▸ Instructions to follow
Return only the lines of the data below from the line with "El darrer cap" up to and including the line with "Рис. 9. Показники", exactly as written, with the pictures omitted.

▸ Dataset extract

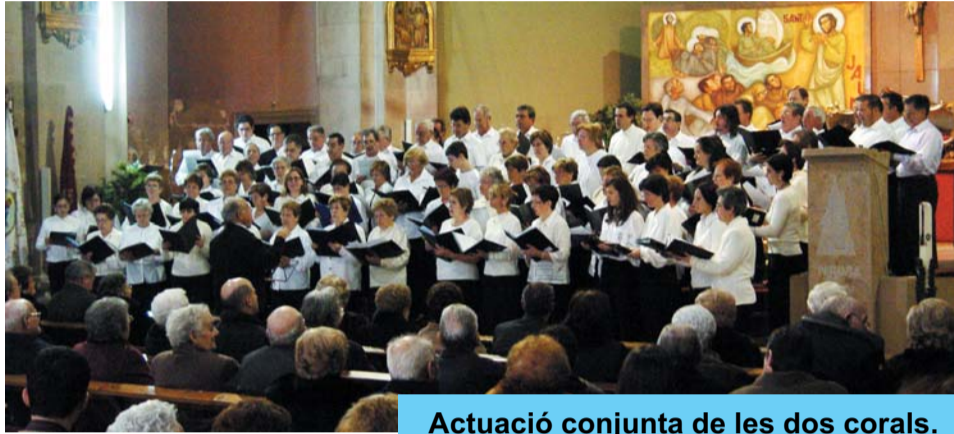
Actuació conjunta de les dos corals.

El darrer cap de setmana del mes de novembre ha estat nodrit d'actes amb motiu de les Festes del Beat, que com cada any, són festes per honorar el fill il·lustre de Riudoms, el Beat Bonaventura Gran. En l'àmbit religiós, s'han dut a terme les misses, novena, la Processó de Fanalets acompanyant el Reliquiari Major del Beat, el dia 20 al vespre, i la Solemne Processó presidida per l'urna del Beat el dissabte 26.
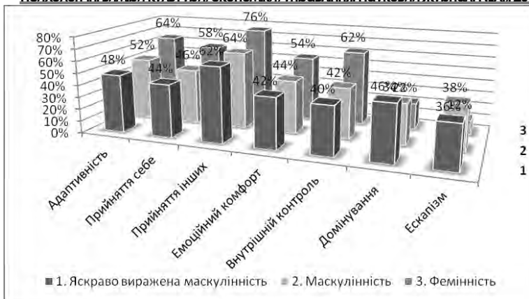
Рис. 9. Показники прояву соціально-психологічної адаптації чоловіків експериментальної групи за гендерним розподілом

За методикою “Діагностика соціально-психологічної адаптації” (за К. Роджерсом – Р. Даймондом) отримані дані говорять про те, що більшість фемінних чоловіків мають більш стабільну адаптацію у порівнянні з яскраво вираженими маскулінними, або ж маскулінними чоловіками, про яку свідчать: адаптивність, прийняття себе, прийняття інших, емоційний комфорт, внутрішній контроль, прагнення до відсутності домінування та нонконформізму, значно менші показники прагнення до втечі (ескапізму) (рси. 9).

▸ Answer below
El darrer cap de setmana del mes de novembre ha estat nodrit d'actes amb motiu de les Festes del Beat, que com cada any, són festes per honorar el fill il·lustre de Riudoms, el Beat Bonaventura Gran. En l'àmbit religiós, s'han dut a terme les misses, novena, la Processó de Fanalets acompanyant el Reliquiari Major del Beat, el dia 20 al vespre, i la Solemne Processó presidida per l'urna del Beat el dissabte 26.
Рис. 9. Показники прояву соціально-психологічної адаптації чоловіків експериментальної групи за гендерним розподілом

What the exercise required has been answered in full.